Brilliant to see about 40 intrepid Stove folk braving the dark winter evening to come to the Stove Members Gathering/Catch up/Planning; Thing Meeting last Tuesday night.


Old friends and new friends came and it was particularly good to see people who had helped with Back2Back and taken part in the Nithraid. The Stove is all about reaching out and working beyond the arts….in fact there was chat about whether what we are doing is really ‘art’ anyway- and does that matter.

One of the ideas that seemed to catch peoples interest and agreement was that the Stove should be about inspiring people to take charge of their own immediate environment. Too often people think that they are ‘not allowed’ to do things – we hope that our events have an ethos of ‘just do it’ about them and that others will be inspired to follow suit. We believe that people working form the grassroots with independent and locally relevant initiatives is the way that Dumfries with prosper in the future. (Sermon over!)

The evening kicked off with a Welcome led by Will – who invited Katie to talk about Back2Back – The Stove’s project for Guid Nychburris in June. Katie showed John Wallace’s lovely wee film of the event – which you can view here

Linda followed on with a slide show of images for the Nithraid and it was great that other people brought their own pictures to share too – even if the one of Will and Matt hugging in pink T Shirts might not see the light of day again anytime soon! More pictures from Nithraid – here

Nithraid really seems to have caught people’s imagination  – there was a really strong contingent of folk who had taken part and in the race and a collective determination to do it again next year. Mark Zygadlo is leading on this for The Stove and currently working very hard to raise the necessary money for next years event.

Lots of people ask ‘how do I get involved with The Stove?’ – the Nithraid is a great example: The Curatorial Team raised some money to do a Stove project as part of the Environmental Art Festival…..we had a first think about what might be possible and relevant to both our larger programme and that of the Festival. We then put out an invite to Stove Members which said ‘Stove is going to do something for EAFS – it will be connected to the River Nith in some way…if you are interested to be part of this then come along on this day and we’ll all brainstorm ideas together’. About 10 people came to that original meeting…the idea of Nithraid was born and Mark Zygadlo and Stan Bonnar became part of the project team that made the Nithraid happen. 
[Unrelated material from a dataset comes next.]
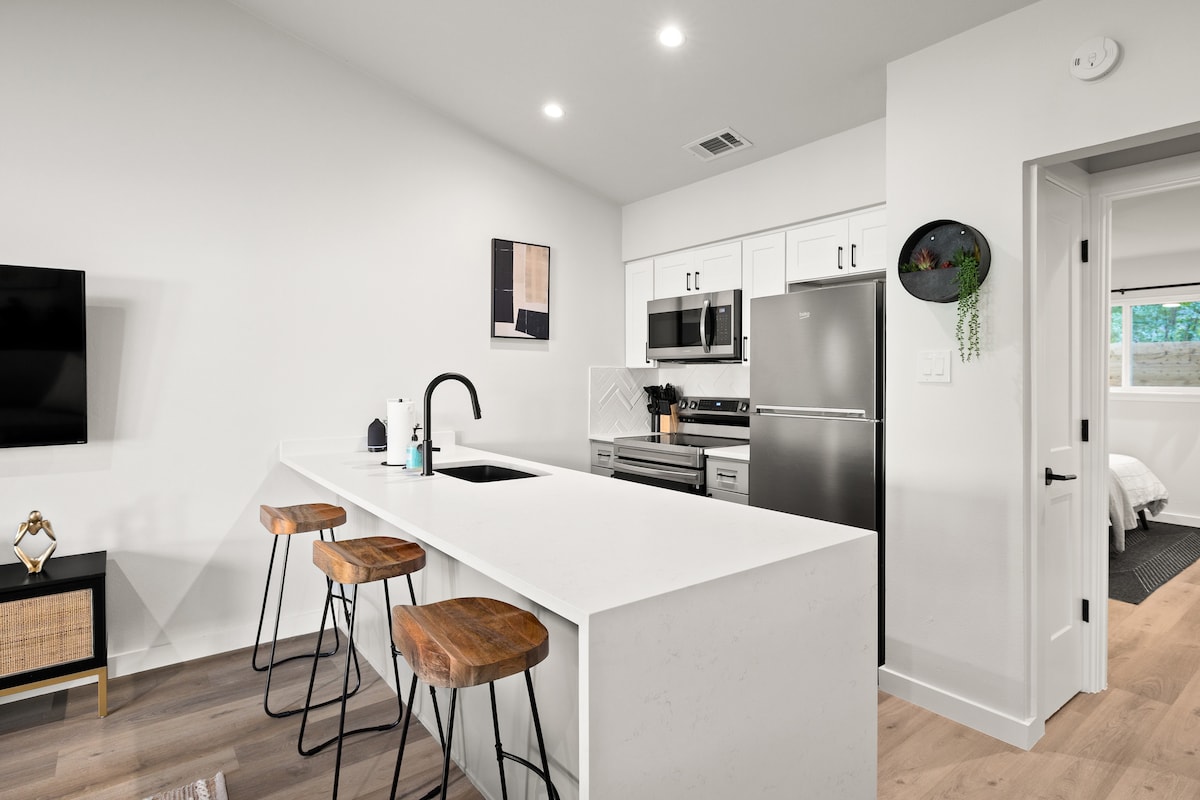 Una propiedad galardonada con un diseño arquitectónico en el corazón de Austin, con lujosos muebles de diseño, amplios dormitorios/baños (con bañera), techos altos, camas tamaño king/queen súper cómodas y un gran televisor con Netflix, HBO y Disney Plus. La propiedad está ubicada en la mejor y más segura zona de Austin. Está a 5 minutos en Uber/Lyft del centro de la ciudad, a 10 minutos a pie de Barton Springs y Zilker Park, y tiene una tienda de comestibles justo al lado. Este es un AirBnB legal (licencia #OL2021201540).

Along the way other folk were pulled in by word-of-mouth and adverts etc eg Roy Kerr from Nith Navigation and all the folk who took part in the race. Then closer to the date we put out another call for people to be part of the crew for the day and we were thrilled that about 12 people came and were part of making the whole thing happen on the day (from being part of the scratch band, to catering, to stewarding, to releasing the banners into the water, to helping get the boats out of the water).

Matt then showed some slides from the Environmental Art Festival Scotland – The Stove was part of the team (with Spring Fling and Wide-Open) that thought up and produced the festival. One of the great things about EAFS was the way it provided opportunities for so  many people in D+G to take part and the way different people worked together – just about everyone in the room had been part of EAFS in some way – great feeling!!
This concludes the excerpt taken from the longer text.